The consistent aim of Israeli policy over decades, from the left and right, has been to acquire more territory at the expense of its neighbours and entrench its regional supremacy through "divide and rule", particularly of its weakest neighbours such as the Palestinians and the Lebanese. It has always abominated Arab nationalism, especially of the Baathist variety in Iraq and Syria, because it appeared immune to Israeli intrigues.....

But decades of controlling and oppressing Palestinian society allowed Israel to develop a different approach to divide and rule: what might be termed organised chaos, or the "discord" model, one that came to dominate first its thinking and later that of the neocons.....

This latter approach exploits the fault lines in Palestinian society to exacerbate tensions and violence. Initially Israel achieved this by promoting rivalry between regional and clan leaders who were forced to compete for Israel's patronage. Later Israel encouraged the emergence of Islamic extremism, especially in the form of Hamas, as a counterweight to the growing popularity of the secular nationalism of Arafat's Fatah party. Israel's discord model is now reaching its apotheosis: low-level and permanent civil war between the old guard of Fatah and the upstarts of Hamas.
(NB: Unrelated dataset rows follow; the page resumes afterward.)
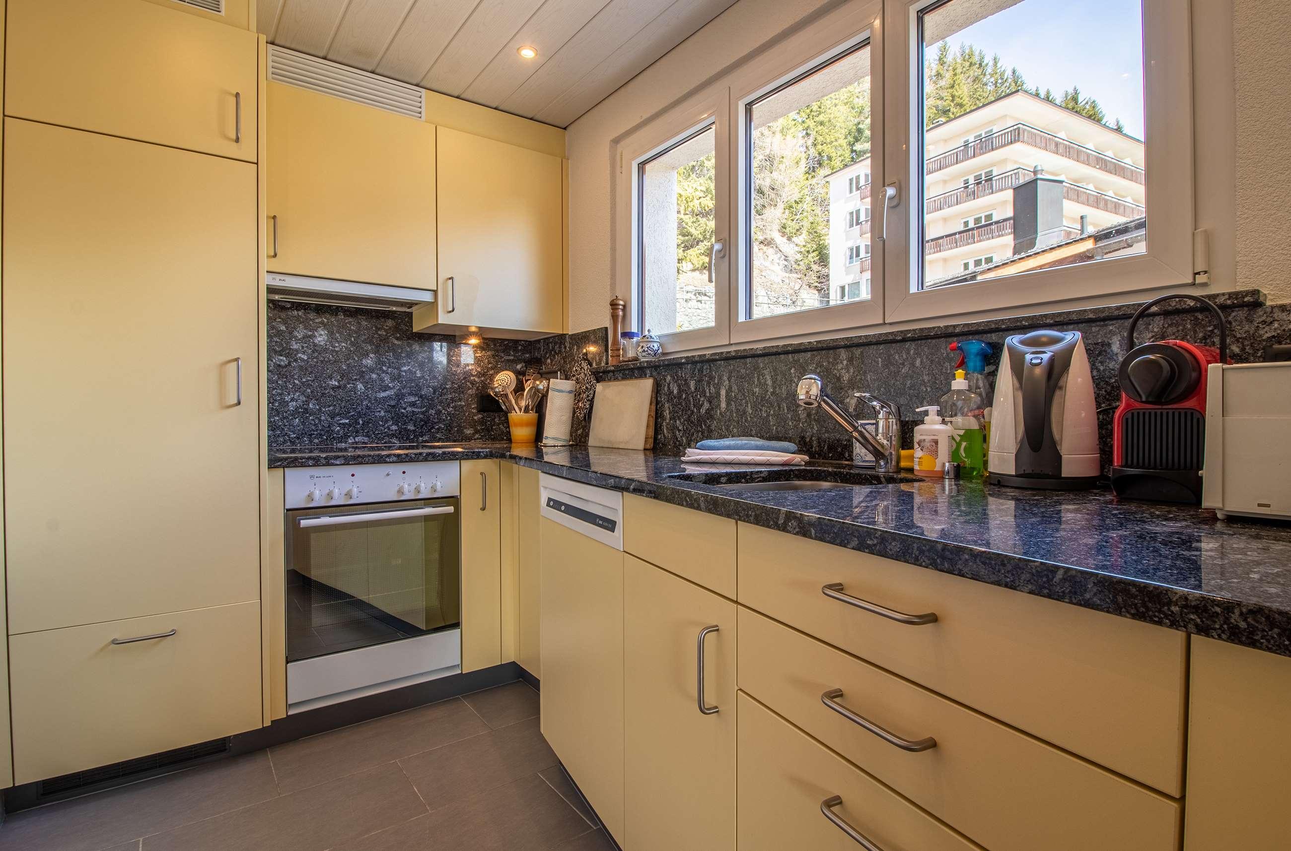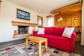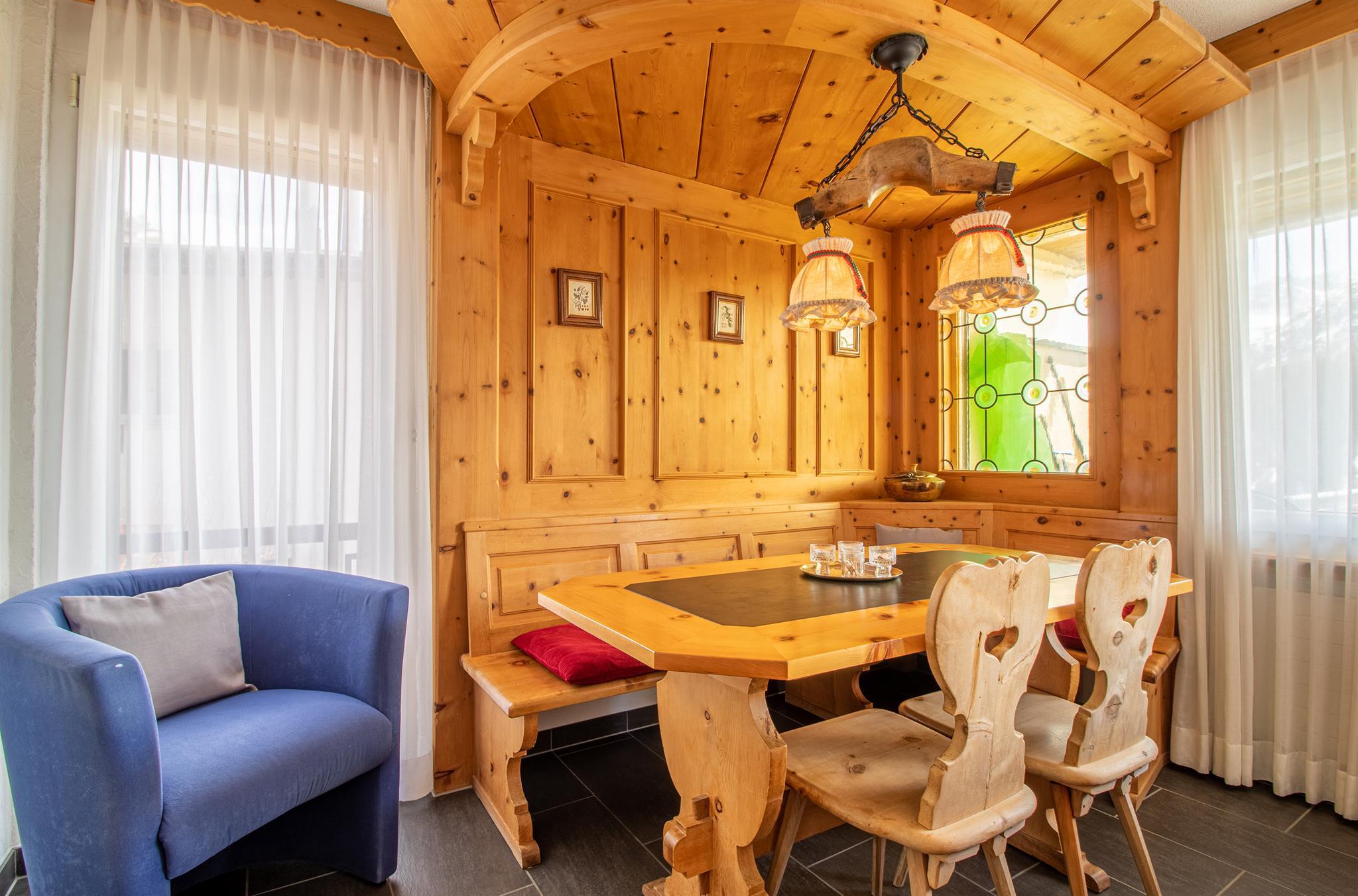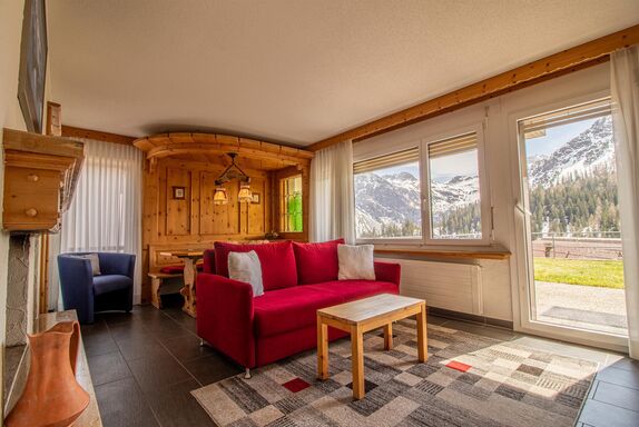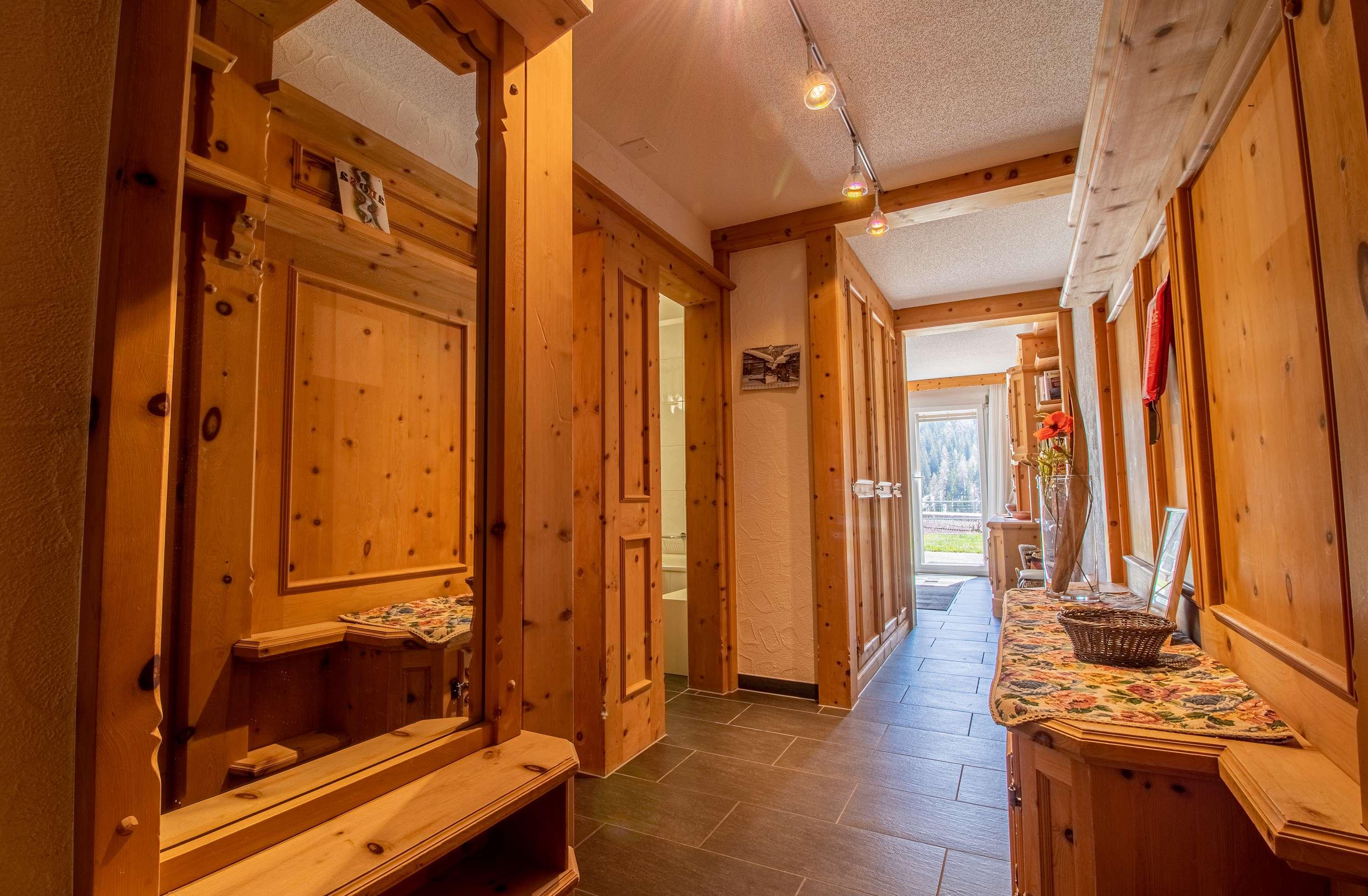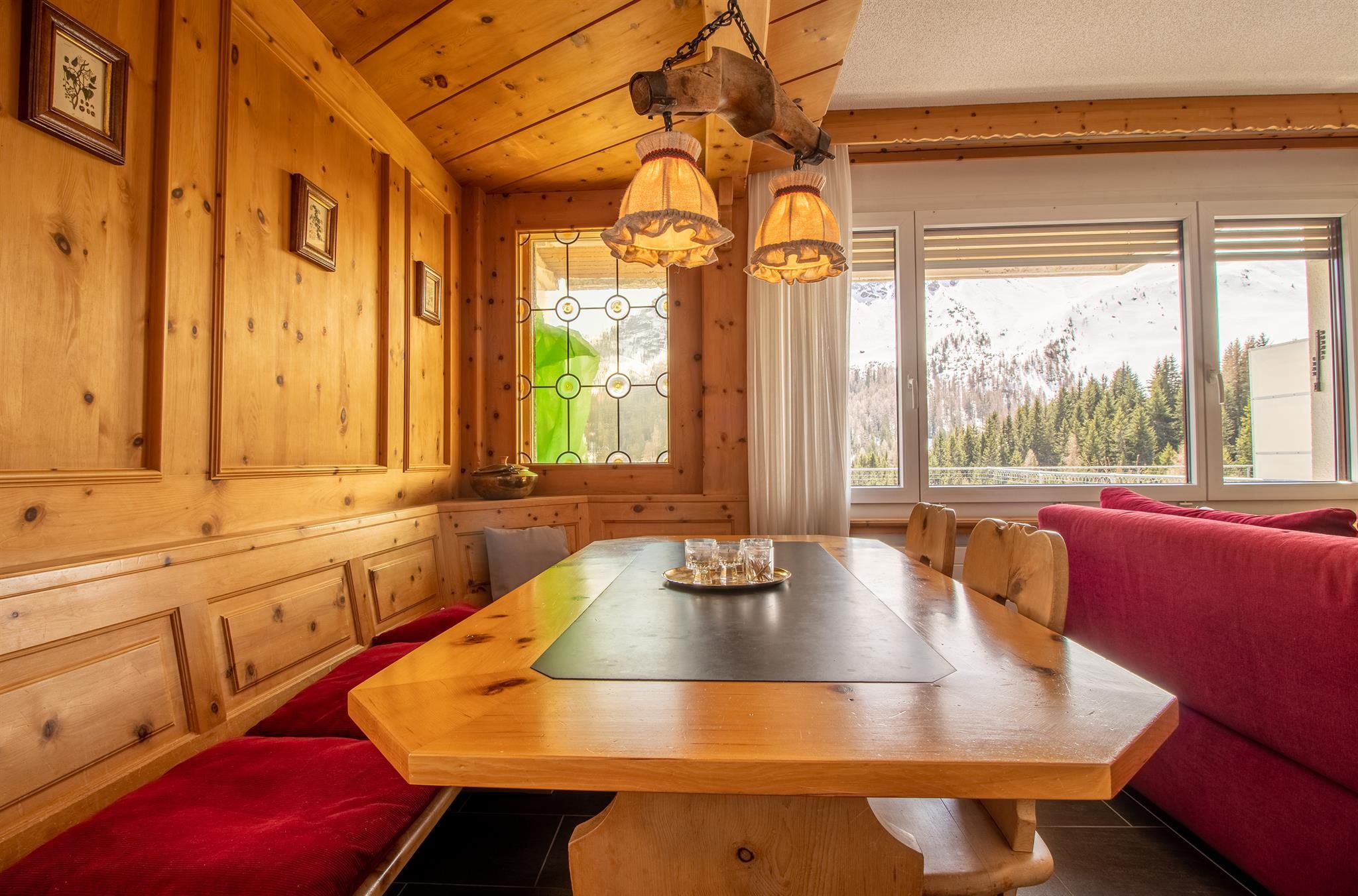 Die Wohnung ist mit Arvenholz eingerichtet und befindet sich in einem Mehrfamilienhaus. Die Wohnung verfügt über einen Kamin;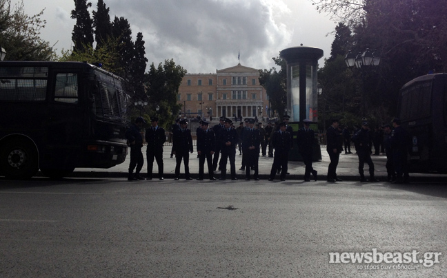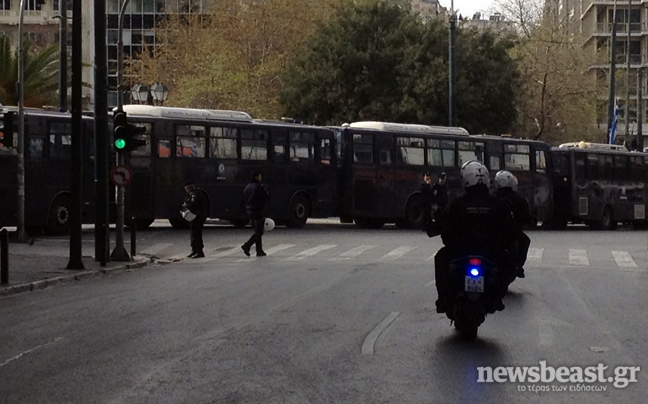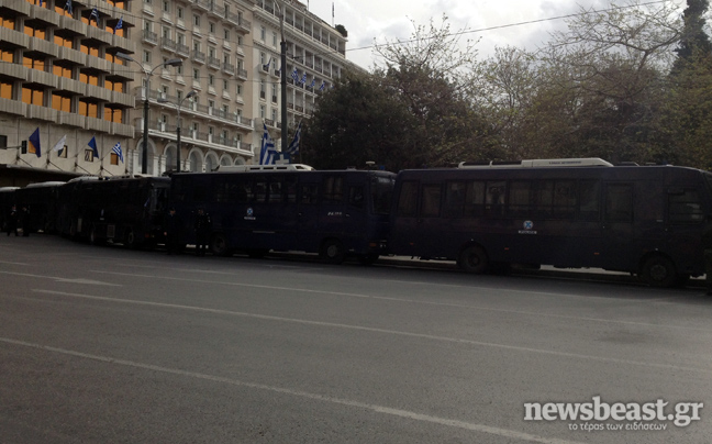 Η κάτω μεριά της πλατείας Συντάγματος είναι απροσπέλαστη από 14 κλούβες των ΜΑΤ, ενώ η ζώνη απαγόρευσης της κυκλοφορίας ξεκινά από τη λεωφόρο Αλεξάνδρας.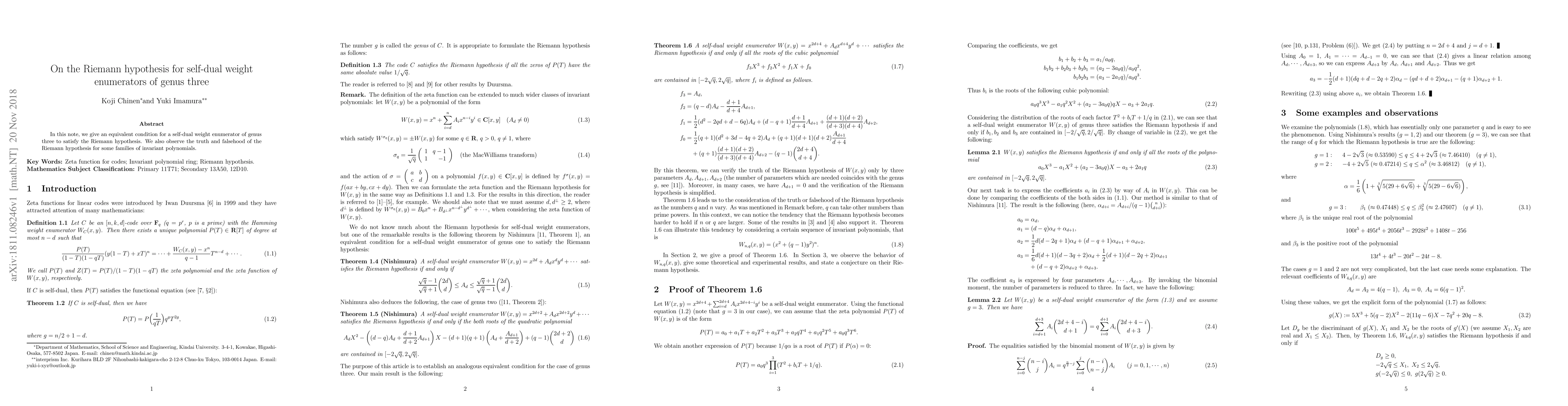 In this note, we give an equivalent condition for a self-dual weight enumerator of genus three to satisfy the Riemann hypothesis. We also observe the truth and falsehood of the Riemann hypothesis for some families of invariant polynomials.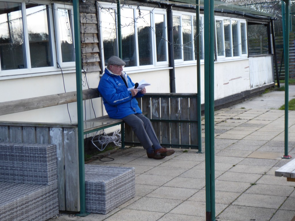 A long line of home supporters file from the clubhouse to the far end of the ground to stand behind the goal into which the Swifts are hoping to score. The home team dominate the opening stages and have the first shot as the ball rebounds to their number seven, the top-notch wearing Elliott Ronto, whose shot is well saved by the Grays ‘keeper, the beautifully named Clark Bogard. Although he sounds like a matinee idol, Clark is a large man who clearly does not possess a ‘six-pack’ and from a distance his all yellow kit would, for a short-sighted person, perhaps give the impression of a naked Homer Simpson. Predictably the ‘wit’ of the home supporters is soon in evidence. “Come on Fatty” shouts an estuarine voice as Bogard lingers over a goal kick. There is a rowdy atmosphere on the shallow, covered terrace and two lads self-consciously bang a couple of drums, but not enough to really annoy anyone. “ E’s only ‘ere for the after match meal” shouts someone else at the ‘keeper. “The food’s good here” responds Clark with a greedy expression, admirably entering into the fun. “Ello princess” shouts a pre-pubescent lad following a strangely different tack. A man in his sixties shuffles through the stand selling half-time draw tickets. “Afternoon Steve, Bob” he says to a couple of regulars. I buy a strip of tickets, numbers 416 to 420 for a pound, I am not destined to win.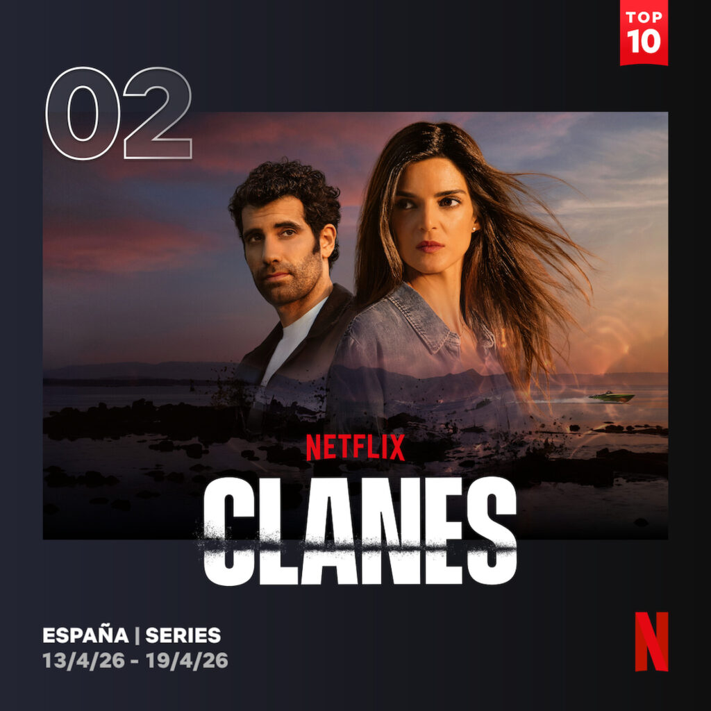 Las dos temporadas de CLANES continúan entre lo más visto en Netflix en España. La segunda temporada sigue liderando la lista solo superada por el estreno de Machos Alfa, mientras la primera temporada se mantiene en el Top 5.

This kind of Palestinian in-fighting usefully depletes the society's energies and its ability to organise against the real enemy: Israel and its enduring occupation.

The neocons, it appears, have been impressed with this model and wanted to export it to other Middle Eastern states. Under Bush they sold it to the White House as the solution to the problems of Iraq and Lebanon, and ultimately of Iran and Syria too.....

The reason is that a chaotic and feuding Middle East, although it would be a disaster in the view of most informed observers, appears to be greatly desired by Israel and its neocon allies. They believe that the whole Middle East can be run successfully the way Israel has run its Palestinian populations inside the occupied territories, where religious and secular divisions have been accentuated, and inside Israel itself, where for many decades Arab citizens were "de-Palestinianised" and turned into identity-starved and quiescent Muslims, Christians, Druze and Bedouin.....

All states are capable of acting in an irrational or self-destructive manner, but Israel and its supporters may be more vulnerable to this failing than most. That is because Israelis' perception of their region and their future has been grossly distorted by the official state ideology, Zionism, with its belief in Israel's inalienable right to preserve itself as an ethnic state; its confused messianic assumptions, strange for a secular ideology, about Jews returning to a land promised by God; and its contempt for, and refusal to understand, everything Arab or Muslim."